Network Practice Exercise 2: Computing Critical Path Drag with SS and SS+lag Relationships

Lately there have been a number of very interesting and metrics-focused LinkedIn discussions (many started by Alex Lyaschenko who will be exploring such topics at the Construction CPM Conference Jan 15-18, 2023 in Disney World, FL) including about critical path drag: what is it, how does it help, how to compute it, etc.

Previously, I published a few articles on the topic on LinkedIn:

• “2016: The Year of the Drag” explains what drag is. It also explores why, despite its obvious importance and value, it was never a part of the original CPM metrics.
• “Network Practice Exercise 1: Computing Critical Path Drag, Drag Cost, EMV and the DIPP” walks the reader through the process of “manually” computing drag and drag cost (also expected monetary value and the DIPP) in a network with ONLY finish-to-start (FS) relationships.
• “Exercise on Value Integration in Project Management” combines the use of the value breakdown structure (VBS) with drag and introduces the concept of an activity’s True Cost (TC) and net value-added (NVA). (TC = resource costs + drag cost; NVA = value-added - true cost.)

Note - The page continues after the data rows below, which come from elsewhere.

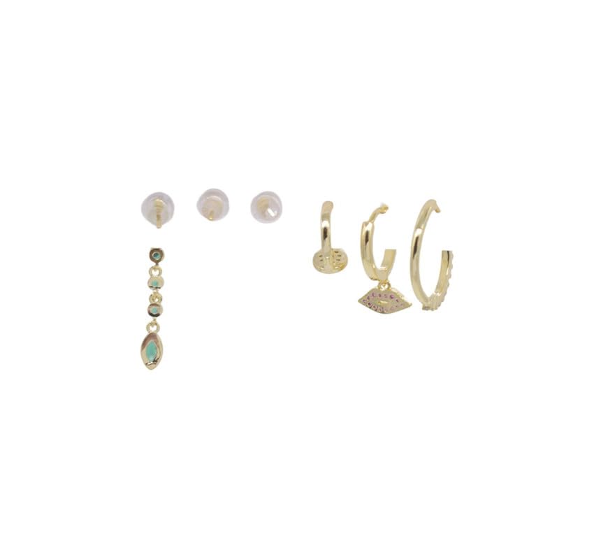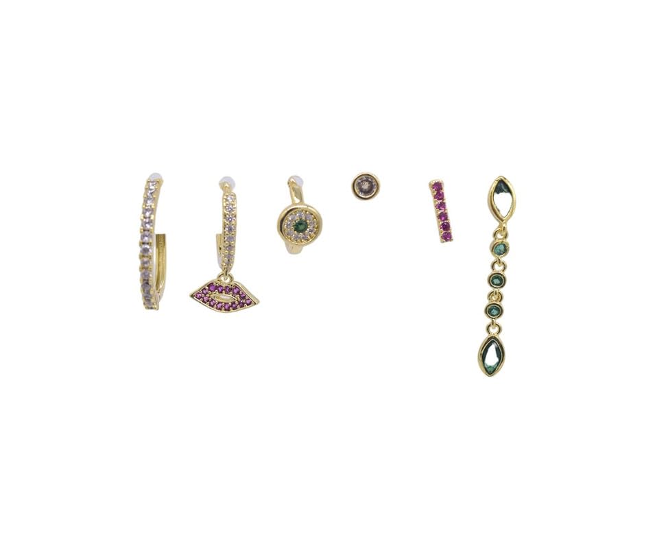 Generic - طقم اقراط حلقية ودبوس من بلاتينيوم مع دلايات ملونة للنساء، 6 قطع - ذهبي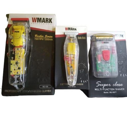 O Combo possui 1 maquina de corte da Wmark 1 Máquina de acabamento da Wmark 1 Shaver da Wmark. Um combo que te proporciona o melhor corte e designer que qualquer outra maquina te proporcionaria. Wmark é a sensação do momento. Acompanhado com todos os pentes de corte e acabamento. Marca: W Mark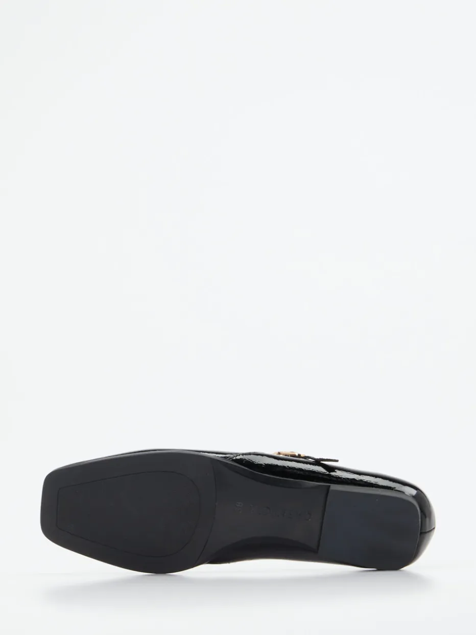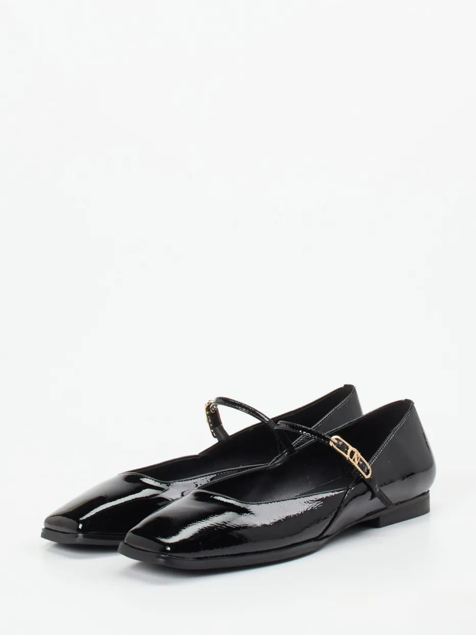 CAFèNOIR interpretiert klassische Mary Jane Ballerinas neu – in einer schwarzen Lackledervariante mit femininer Note.
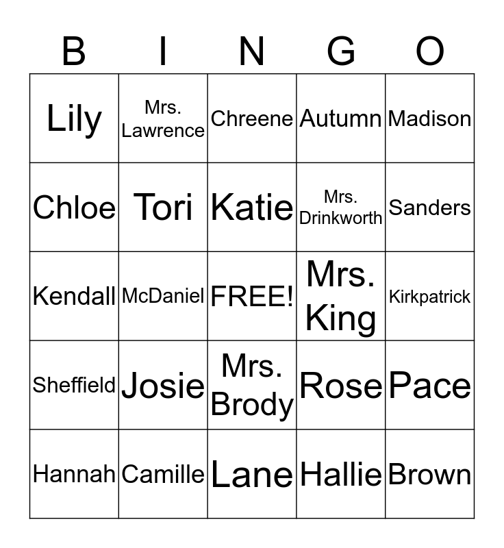 This bingo card has a free space and 24 words: Josie, Camille, Katie, Hannah, Madison, Lily, Chloe, Mrs. Lawrence, Mrs. King, Mrs. Brody, Mrs. Drinkworth, Kendall, Rose, Pace, Tori, Hallie, Kirkpatrick, Chreene, Sanders, McDaniel, Brown, Sheffield, Autumn and Lane.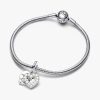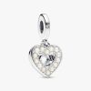 An elegant gift for a mom who loves pearly tones. The Pearlescent White Heart Double Dangle Charm is crafted from sterling silver and features a cut-out heart shape adorned with a row of bioresin man-made mother of pearl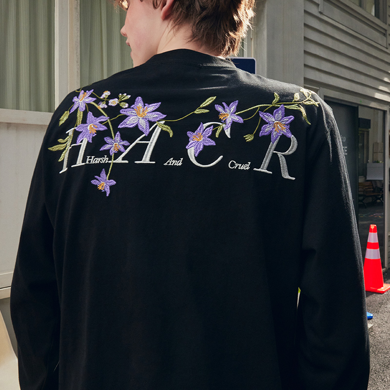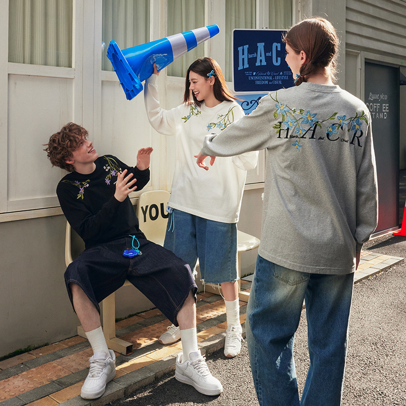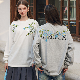 t恤男女 早秋国潮宽松慵懒感情侣装 HACR紫罗兰花卉刺绣长袖 t恤

A big issue with drag calculation is that most software packages don’t compute it. Spider Project and Asta Powerproject do, if in slightly different ways from those that I use, but that's fine—the key is to point the scheduler to those activities and constraints that are adding time to the project duration! However, the two packages with the biggest global market share, MS Project and Primavera, seem blithely unaware that their products omit THE most critical(!) metric in critical path analysis. (Maybe their marketing materials should say they do “only non-critical path analysis”—computing float OFF the CP! But they say "zero" about the critical path! And, if I may say so, the critical path is... critical!)

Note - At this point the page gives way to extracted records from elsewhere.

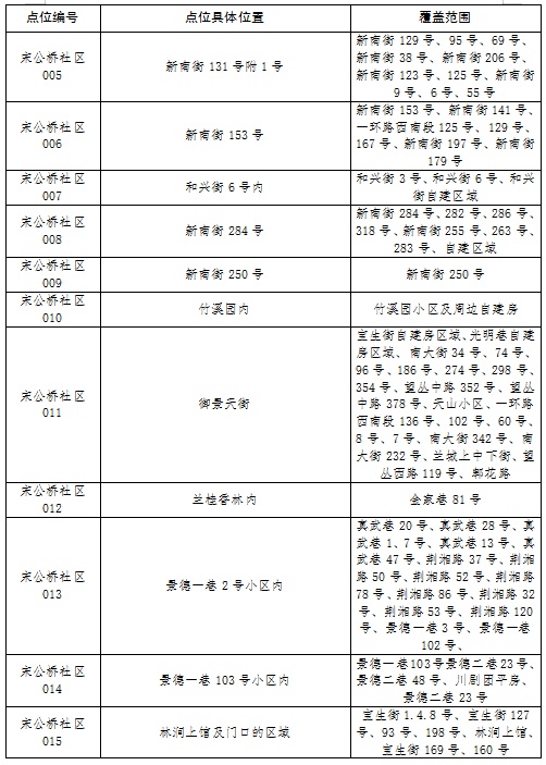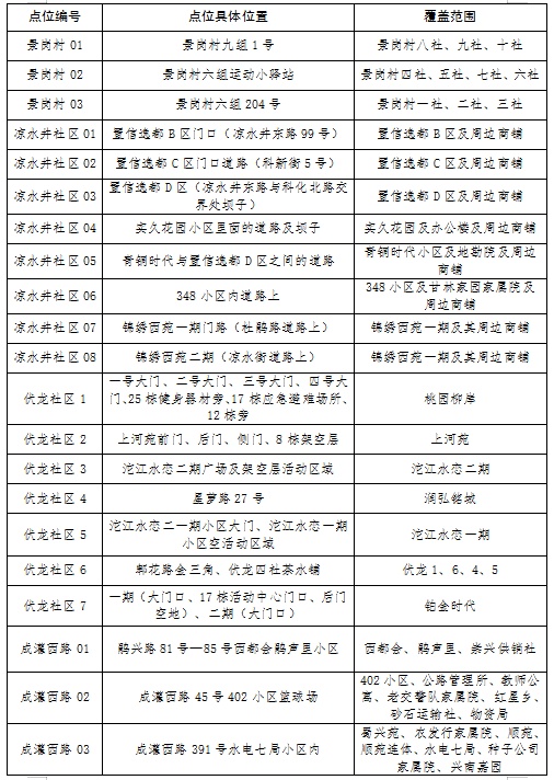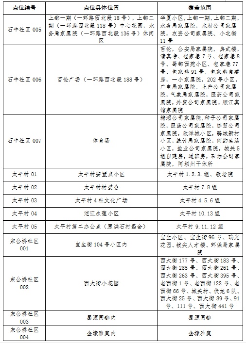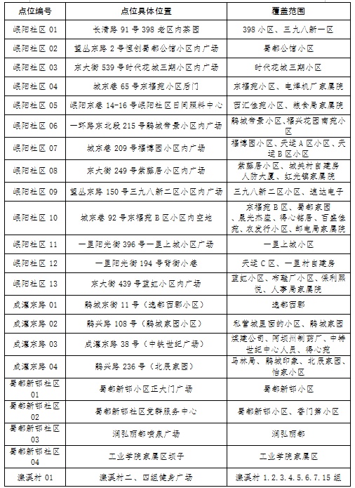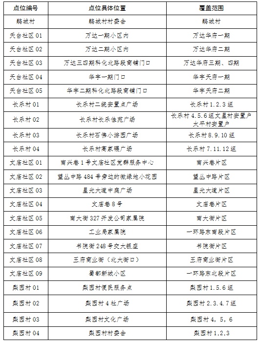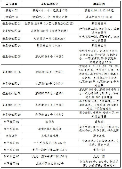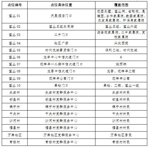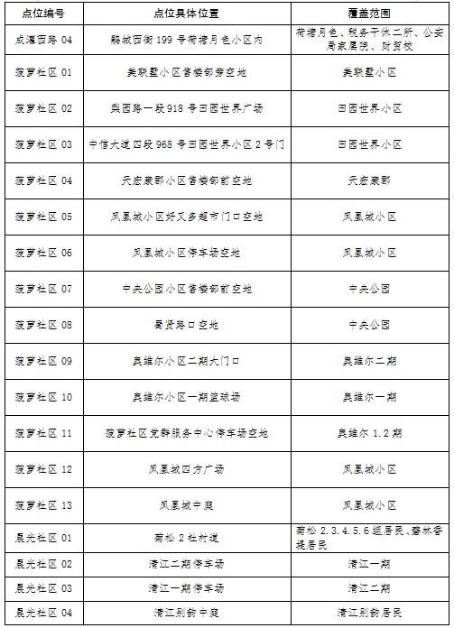 新冠肺炎疫情防控核酸检测点位分布表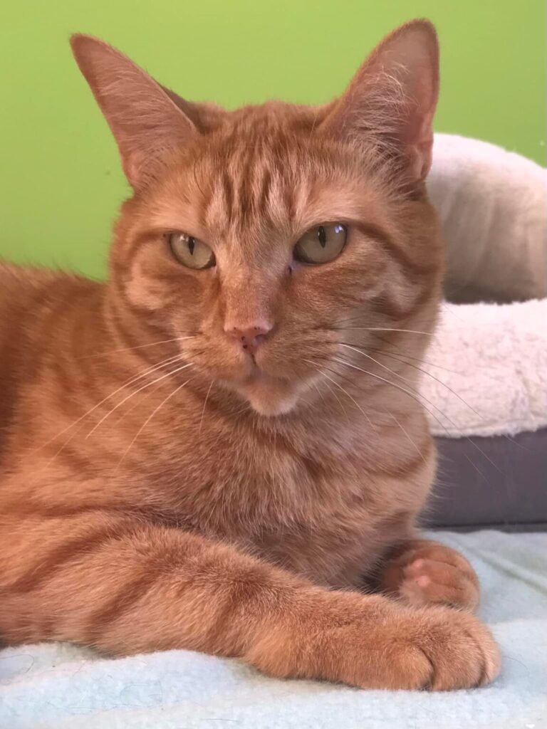 Anatole came to the shelter due to a case of mistaken identity. Volunteers were searching for a ginger cat named Antchuk in Anjou. Someone called in to report that she had found the cat and brought him into her home. However, upon seeing the ginger cat, we realized it wasn’t the one we were looking for, but Anatole still needed help. So, we brought him back to the shelter. Anatole had a minor limp, prompting a visit to the vet for X-rays and additional tests. The veterinarian discovered multiple micro-fractures in his pelvis that had healed incorrectly. It was suspected that he’d been hit by a car.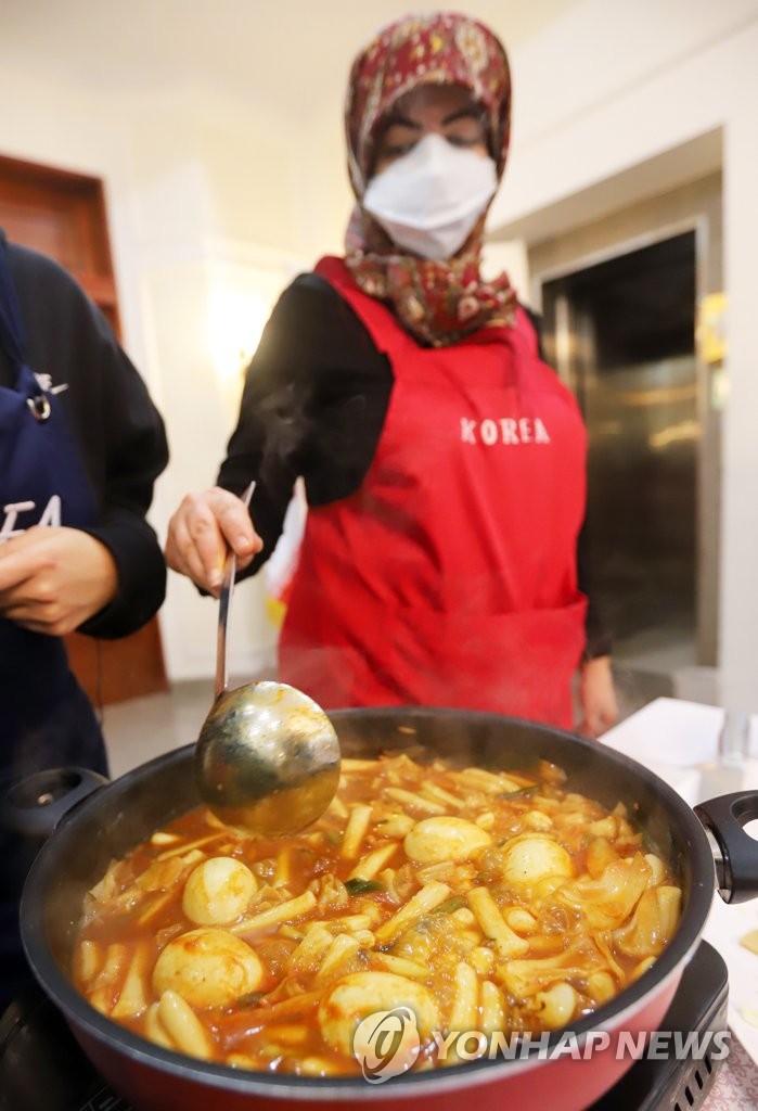 ▲ 떡볶이 만드는 이란인 (테헤란=연합뉴스) 이승민 특파원 = 17일(현지시간) 주이란 한국대사관에서 열린 '한국 문화 체험 행사'에서 이란인이 떡볶이를 만들고 있다. 2021.12.17 logos@yna.co.kr

Of late, a number of people from across the globe have asked me for help in computing drag. I start by suggesting that they speak to their software vendor about it. But since that seems unlikely to have much impact in the near future (because why would a company go to the trouble of writing new code when both PMI and AACE insist on ignoring the whole concept?), I’ve sent them explanations and exercises.

So here is an exercise in computing drag in a network with complex dependencies. The answers, along with an explanation, are below.

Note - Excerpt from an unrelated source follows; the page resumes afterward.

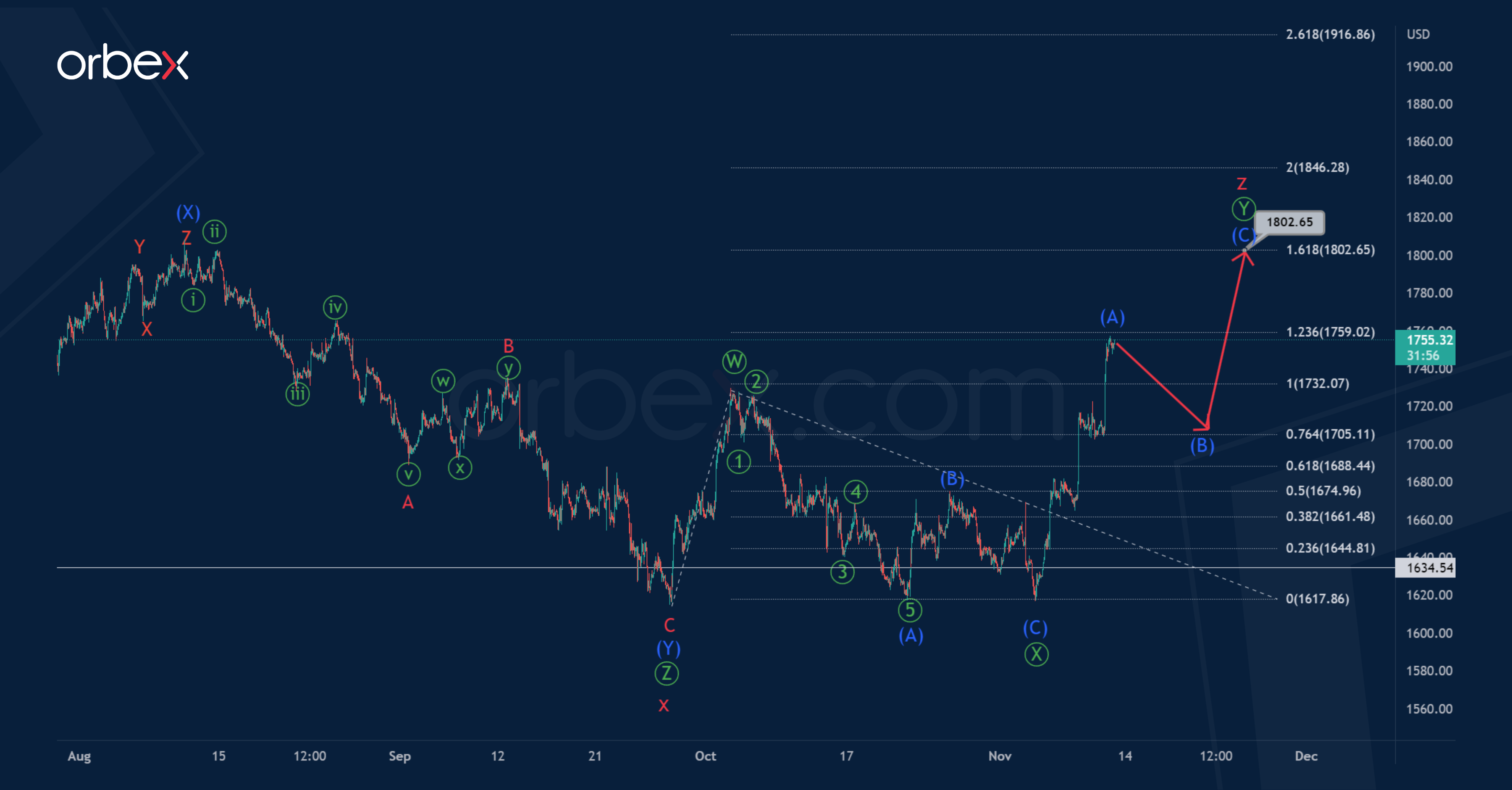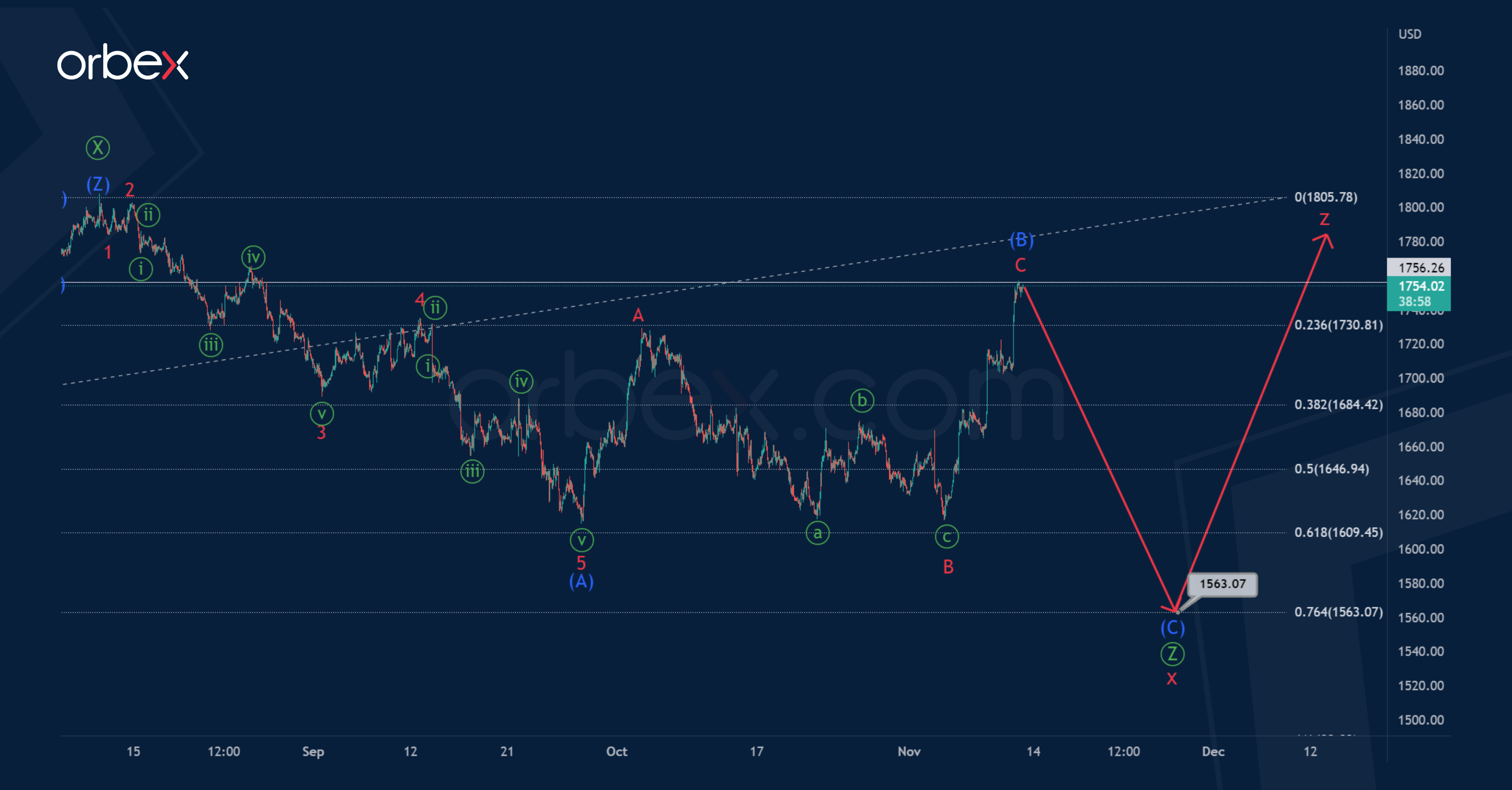 Thus, a downward movement of XAUUSD is likely in the near future. The primary wave Ⓩ could take the form of an intermediate zigzag (A)-(B)-(C).

I’d also suggest referring to the Wikipedia page for “critical path drag” which has a diagram explaining how to compute it for SS and SS+lag relationships.

I hope this helps.

Notice that in the diagram above, things like float calculations are a bit different from what you might be used to in the software that you use. For example, the start of F has 6d of total float whereas its finish has 4d. Most CPM algorithms use what is called the "continuous activity assumption", where an activity CANNOT be interrupted. This means that if F can't finish till Day 32, it also can't start till Day 21, EVEN THOUGH it actually could start on Day 19! This means that the start and finish are calculated as having the same amount of float, even though they don't! Surely we could think of a way to either increase its duration by 2d OR interrupt it! (The continuous activity assumption makes programming the software easier--but it also can make projects longer by causing the "reverse critical path anomaly" where projects take longer (sometimes resulting in human deaths!) because of a software algorithm!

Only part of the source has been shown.